DO NOT try and cover all of those or you'll only have the parents listening. If even them...
At the end get the kids to put it together again, amazingly they like it. When they get stuck ask them which bit does this? To see if they've remembered anything before telling them what bit they need to put in next.
This is the sort of things you could say/ might come up:
- Brain made up of nerves - what are nerves? E.g. say they're like telephone systems from the body to the brain and vice versa. (often they only mention pain etc so expand on that) Think about the spinal cord and what happens if it gets damaged. If youve used the tendon hammers remind them of that too.
- Cortex - really big, like newspaper scrunched up around an orange or something. Very big in humans. Bits to control movement, sensory, visual, Get them to guess where senses are on the cortex by relation to the sensing organ, obviously they will get visual wrong because they won't know that nerves go from front to back of the cortex. Concept of controlling contralateral movement and sensory etc. Unfolded cortex is about 3 sheets of A4, think a lizard or something equally stupid is size of a postage stamp. Neocortex - another name to do with recent evolution.
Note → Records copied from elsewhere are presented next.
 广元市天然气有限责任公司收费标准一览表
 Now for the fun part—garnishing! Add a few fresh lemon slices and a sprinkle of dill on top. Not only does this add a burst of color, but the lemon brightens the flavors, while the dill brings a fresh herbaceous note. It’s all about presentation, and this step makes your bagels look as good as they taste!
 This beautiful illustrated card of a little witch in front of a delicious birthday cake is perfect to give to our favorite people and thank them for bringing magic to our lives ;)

Could mention prefrontal cortex and explain it using Phineas Gage -america 100 years ago, blowing up mines. accident with a metal pole shooting into his head embedded in his prefrontal. perfectly normal after accident except before was nice and kind bloke, after was mean, nasty and became a criminal. Hence to do with personality.
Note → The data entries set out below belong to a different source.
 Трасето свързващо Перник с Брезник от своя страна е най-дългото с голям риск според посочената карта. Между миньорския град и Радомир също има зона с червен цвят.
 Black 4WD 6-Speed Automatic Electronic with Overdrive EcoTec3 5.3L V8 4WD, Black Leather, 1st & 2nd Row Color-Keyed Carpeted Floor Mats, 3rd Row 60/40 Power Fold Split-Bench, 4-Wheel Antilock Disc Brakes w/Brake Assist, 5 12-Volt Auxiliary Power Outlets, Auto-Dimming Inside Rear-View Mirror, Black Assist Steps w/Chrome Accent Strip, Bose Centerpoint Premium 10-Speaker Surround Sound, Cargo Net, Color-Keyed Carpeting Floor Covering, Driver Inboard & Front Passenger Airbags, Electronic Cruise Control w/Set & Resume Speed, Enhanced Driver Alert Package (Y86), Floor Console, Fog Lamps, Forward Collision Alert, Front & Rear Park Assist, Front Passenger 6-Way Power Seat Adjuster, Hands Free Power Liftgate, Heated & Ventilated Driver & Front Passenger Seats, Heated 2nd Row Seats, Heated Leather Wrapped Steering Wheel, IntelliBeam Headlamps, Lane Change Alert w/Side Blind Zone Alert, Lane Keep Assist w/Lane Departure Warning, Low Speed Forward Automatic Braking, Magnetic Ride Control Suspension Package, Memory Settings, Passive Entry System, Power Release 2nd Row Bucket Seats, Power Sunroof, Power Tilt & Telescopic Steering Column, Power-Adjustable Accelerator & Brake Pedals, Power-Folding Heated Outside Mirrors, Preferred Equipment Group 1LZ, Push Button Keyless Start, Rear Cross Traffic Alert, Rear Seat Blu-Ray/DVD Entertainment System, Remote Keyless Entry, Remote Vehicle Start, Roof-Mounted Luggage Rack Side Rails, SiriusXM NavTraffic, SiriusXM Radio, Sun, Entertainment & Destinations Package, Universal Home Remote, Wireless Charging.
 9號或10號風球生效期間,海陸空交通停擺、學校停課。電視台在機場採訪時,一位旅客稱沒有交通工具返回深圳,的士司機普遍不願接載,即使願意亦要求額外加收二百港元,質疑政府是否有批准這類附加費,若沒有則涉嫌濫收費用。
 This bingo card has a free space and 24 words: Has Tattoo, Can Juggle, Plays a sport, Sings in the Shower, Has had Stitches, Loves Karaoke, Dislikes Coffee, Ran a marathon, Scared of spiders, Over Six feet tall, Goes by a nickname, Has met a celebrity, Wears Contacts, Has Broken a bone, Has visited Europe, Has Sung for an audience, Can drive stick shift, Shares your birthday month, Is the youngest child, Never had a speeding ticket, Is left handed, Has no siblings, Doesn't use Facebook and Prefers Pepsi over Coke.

Can talk about Wernicke's and Broca's - I normally talk about the english pilot who was gunned down sustaining damage to wernicke's area so that he couldn't understand the english doctors and nurses leading him to believe he had been captured by the nazis.
Also could talk more about visual bits, different areas that are important for different things like seeing colour, motion, peoples faces etc. So what happens if these parts get damaged?
Corpus callosum - is it on the left, right or middle? what might it do then?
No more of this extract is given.